- **What you need to do**: With the images removed, write out each record exactly as given.

- **Data for analysis**:
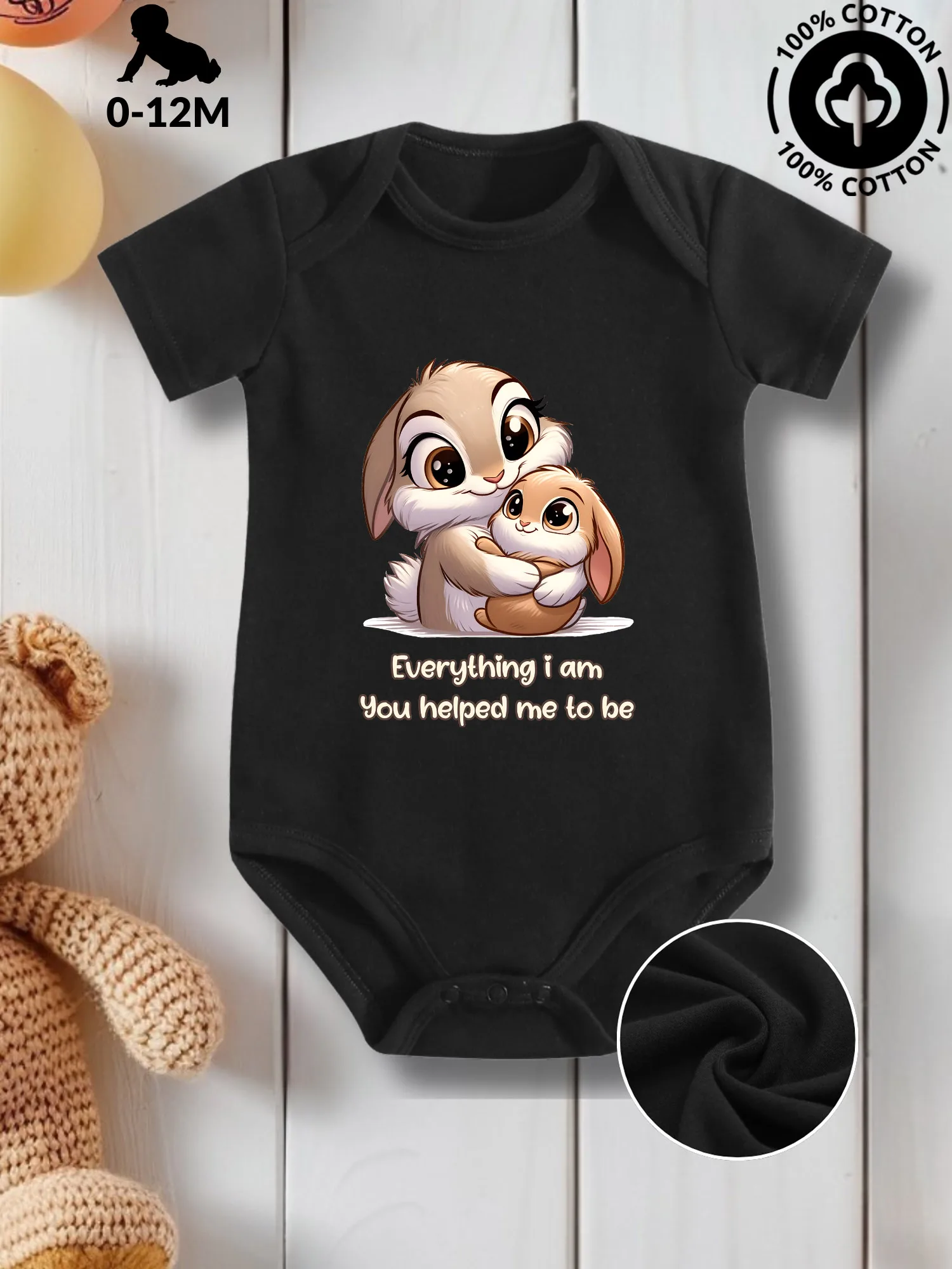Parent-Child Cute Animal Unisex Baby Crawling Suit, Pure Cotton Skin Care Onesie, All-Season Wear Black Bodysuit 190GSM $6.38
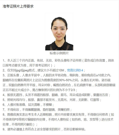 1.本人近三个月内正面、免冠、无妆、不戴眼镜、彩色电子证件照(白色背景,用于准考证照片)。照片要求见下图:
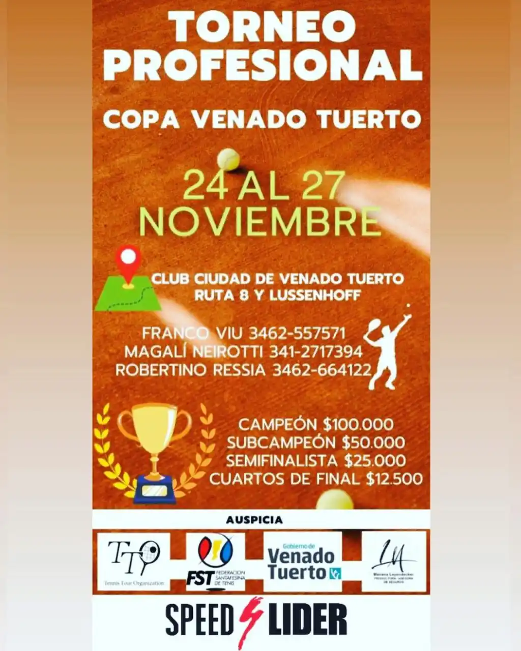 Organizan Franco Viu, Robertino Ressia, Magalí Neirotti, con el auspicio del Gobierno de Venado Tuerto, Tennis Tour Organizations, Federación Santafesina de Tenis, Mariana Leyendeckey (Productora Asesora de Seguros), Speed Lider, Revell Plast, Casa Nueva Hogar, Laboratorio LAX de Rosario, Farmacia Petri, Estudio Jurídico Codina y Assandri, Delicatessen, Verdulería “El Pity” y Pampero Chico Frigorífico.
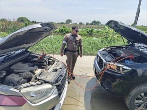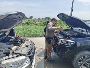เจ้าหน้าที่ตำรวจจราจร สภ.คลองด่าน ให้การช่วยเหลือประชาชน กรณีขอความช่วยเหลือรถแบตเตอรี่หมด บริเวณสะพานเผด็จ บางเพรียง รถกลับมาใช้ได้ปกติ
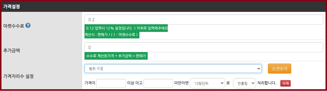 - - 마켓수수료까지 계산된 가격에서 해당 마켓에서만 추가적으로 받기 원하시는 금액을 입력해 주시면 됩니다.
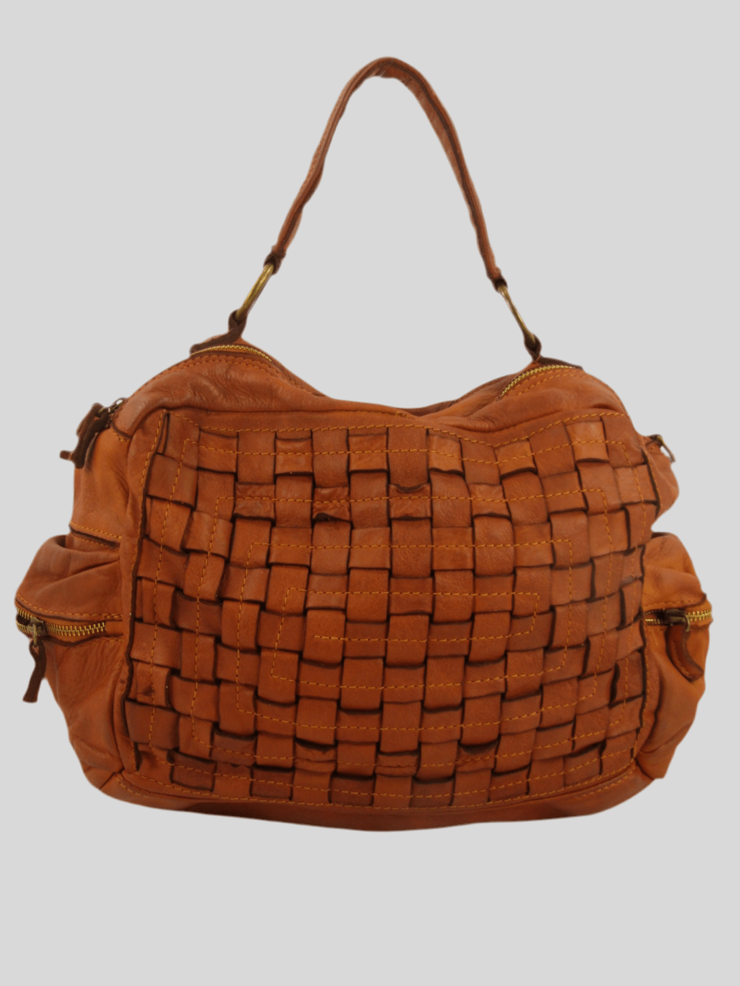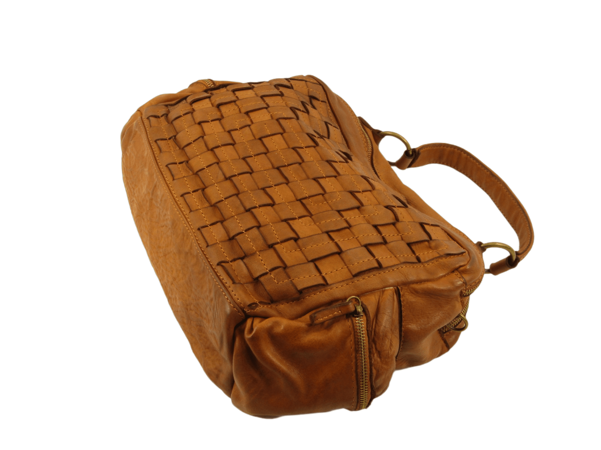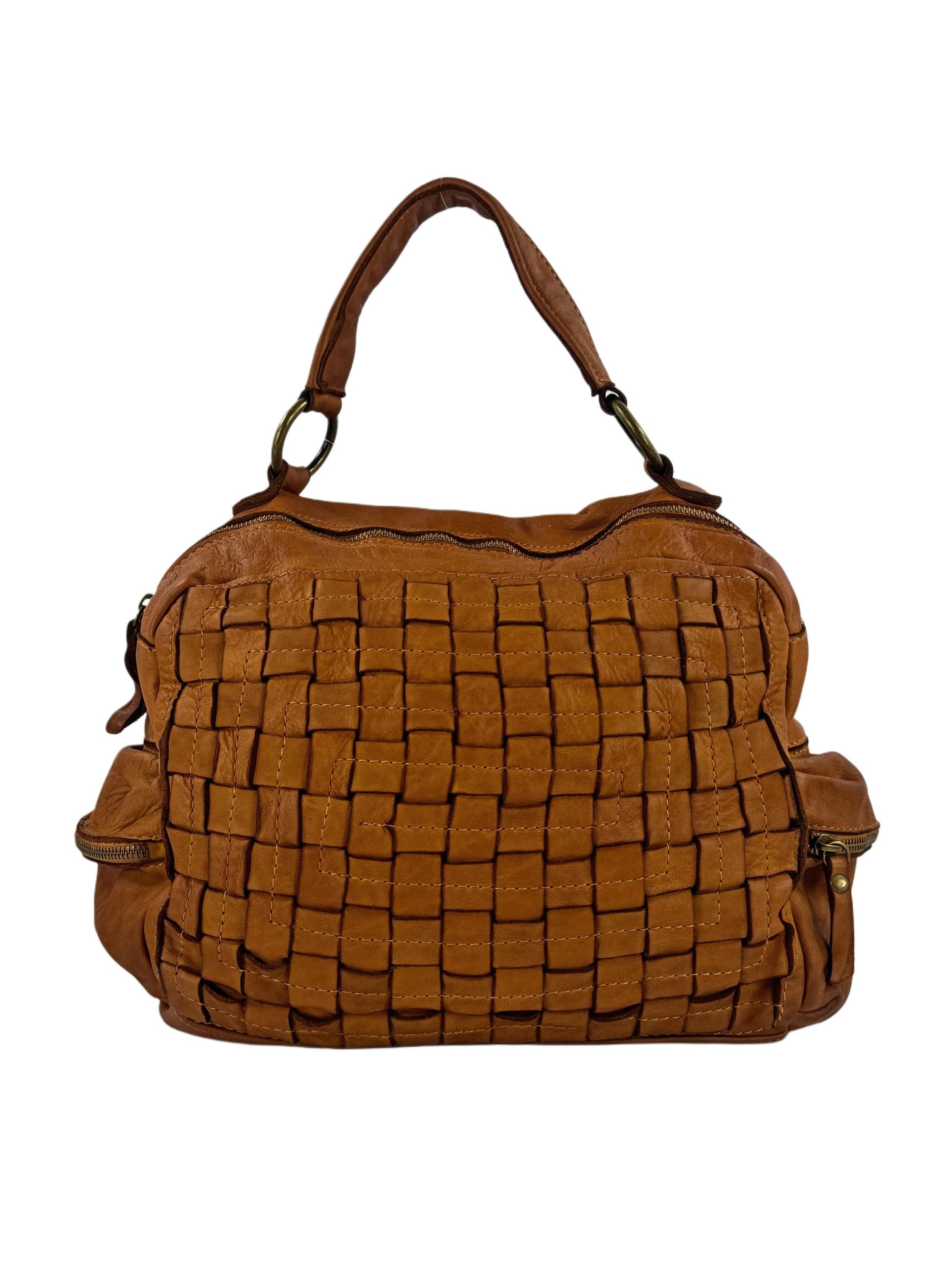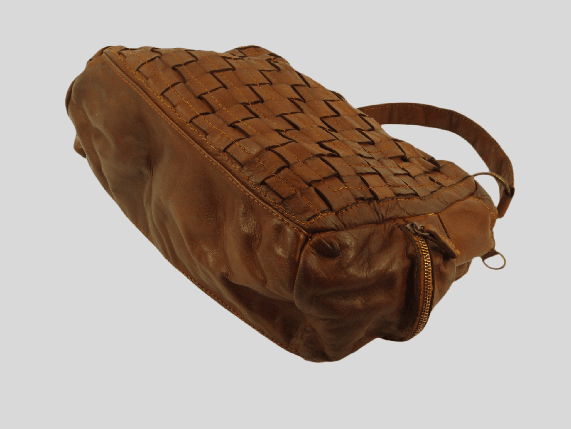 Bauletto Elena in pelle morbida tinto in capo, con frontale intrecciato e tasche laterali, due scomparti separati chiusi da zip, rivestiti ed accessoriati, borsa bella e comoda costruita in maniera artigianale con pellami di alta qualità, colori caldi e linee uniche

- **Task output**:
Parent-Child Cute Animal Unisex Baby Crawling Suit, Pure Cotton Skin Care Onesie, All-Season Wear Black Bodysuit 190GSM $6.38
 1.本人近三个月内正面、免冠、无妆、不戴眼镜、彩色电子证件照(白色背景,用于准考证照片)。照片要求见下图:
 Organizan Franco Viu, Robertino Ressia, Magalí Neirotti, con el auspicio del Gobierno de Venado Tuerto, Tennis Tour Organizations, Federación Santafesina de Tenis, Mariana Leyendeckey (Productora Asesora de Seguros), Speed Lider, Revell Plast, Casa Nueva Hogar, Laboratorio LAX de Rosario, Farmacia Petri, Estudio Jurídico Codina y Assandri, Delicatessen, Verdulería “El Pity” y Pampero Chico Frigorífico.
เจ้าหน้าที่ตำรวจจราจร สภ.คลองด่าน ให้การช่วยเหลือประชาชน กรณีขอความช่วยเหลือรถแบตเตอรี่หมด บริเวณสะพานเผด็จ บางเพรียง รถกลับมาใช้ได้ปกติ
 - - 마켓수수료까지 계산된 가격에서 해당 마켓에서만 추가적으로 받기 원하시는 금액을 입력해 주시면 됩니다.
 Bauletto Elena in pelle morbida tinto in capo, con frontale intrecciato e tasche laterali, due scomparti separati chiusi da zip, rivestiti ed accessoriati, borsa bella e comoda costruita in maniera artigianale con pellami di alta qualità, colori caldi e linee uniche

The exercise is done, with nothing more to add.